• [RAW DATA]:
___

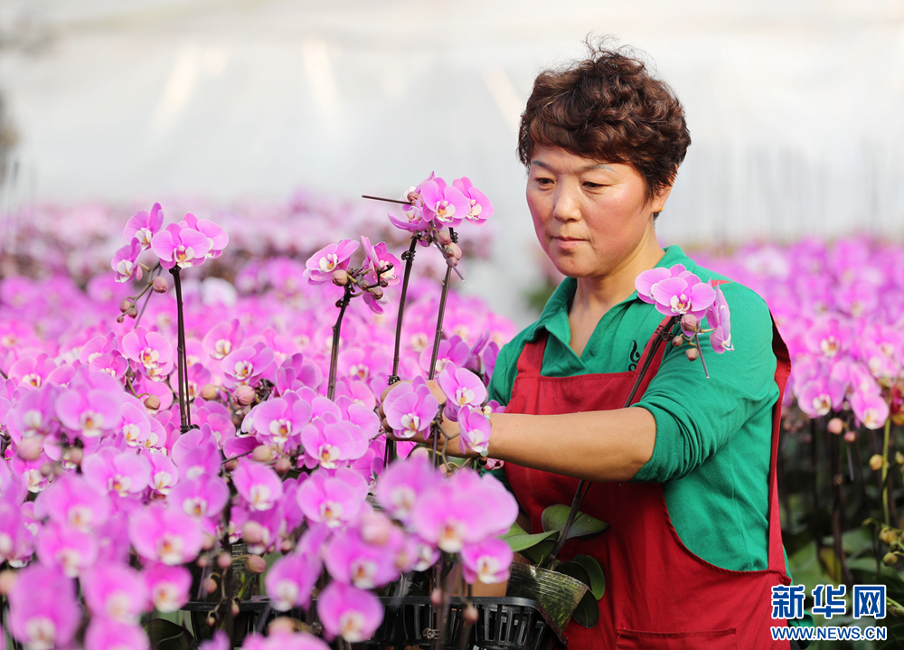 在位于山东省青岛市即墨区灵山街道的青岛百亿绿洲花卉种植基地,花农在给购买鲜花的市民挑选蝴蝶兰。新华网发(张进刚 摄)
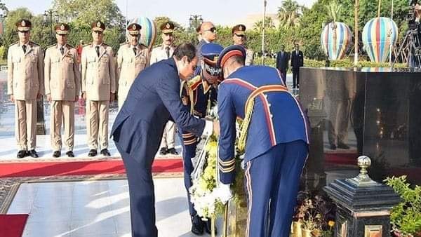 وضع الرئيس عبدالفتاح السيسي، اليوم الخميس، إكليلا من الزهور على قبر الرئيس الراحل محمد أنور السادات، بمناسبة الذكرى السادسة والأربعين لانتصارات أكتوبر.
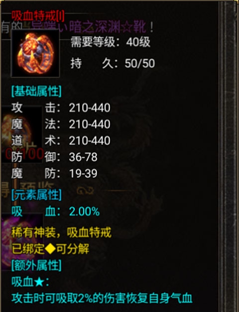 材料消耗:上一阶级吸血特戒+吸血碎片
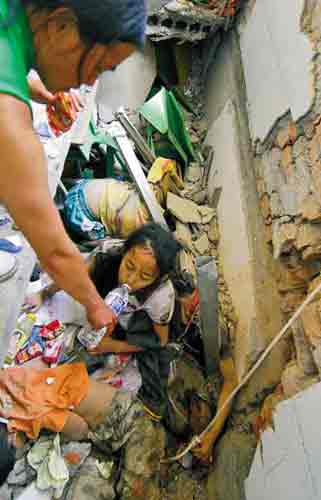 在這里,一名親見女兒身體卻拉不出來的母親在哭泣,記者見證了一個震撼人心的場面:一、二層間還存在一個不到一米的夾層,一名穿綠衣的高中女孩已經(jīng)爬出,返身去拉那名也已大半個身子爬了出來的那名母親的女兒,此時夾層房梁塌下來,二名女孩保持著返身救人和伸手待救的姿態(tài),被砸在了主梁下面,她們離生其實只差半步之遙。

___

Transcribe the material exactly, and leave out whatever pictures it holds.

• [ANSWER SECTION]:
 在位于山东省青岛市即墨区灵山街道的青岛百亿绿洲花卉种植基地,花农在给购买鲜花的市民挑选蝴蝶兰。新华网发(张进刚 摄)
 وضع الرئيس عبدالفتاح السيسي، اليوم الخميس، إكليلا من الزهور على قبر الرئيس الراحل محمد أنور السادات، بمناسبة الذكرى السادسة والأربعين لانتصارات أكتوبر.
 材料消耗:上一阶级吸血特戒+吸血碎片
 在這里,一名親見女兒身體卻拉不出來的母親在哭泣,記者見證了一個震撼人心的場面:一、二層間還存在一個不到一米的夾層,一名穿綠衣的高中女孩已經(jīng)爬出,返身去拉那名也已大半個身子爬了出來的那名母親的女兒,此時夾層房梁塌下來,二名女孩保持著返身救人和伸手待救的姿態(tài),被砸在了主梁下面,她們離生其實只差半步之遙。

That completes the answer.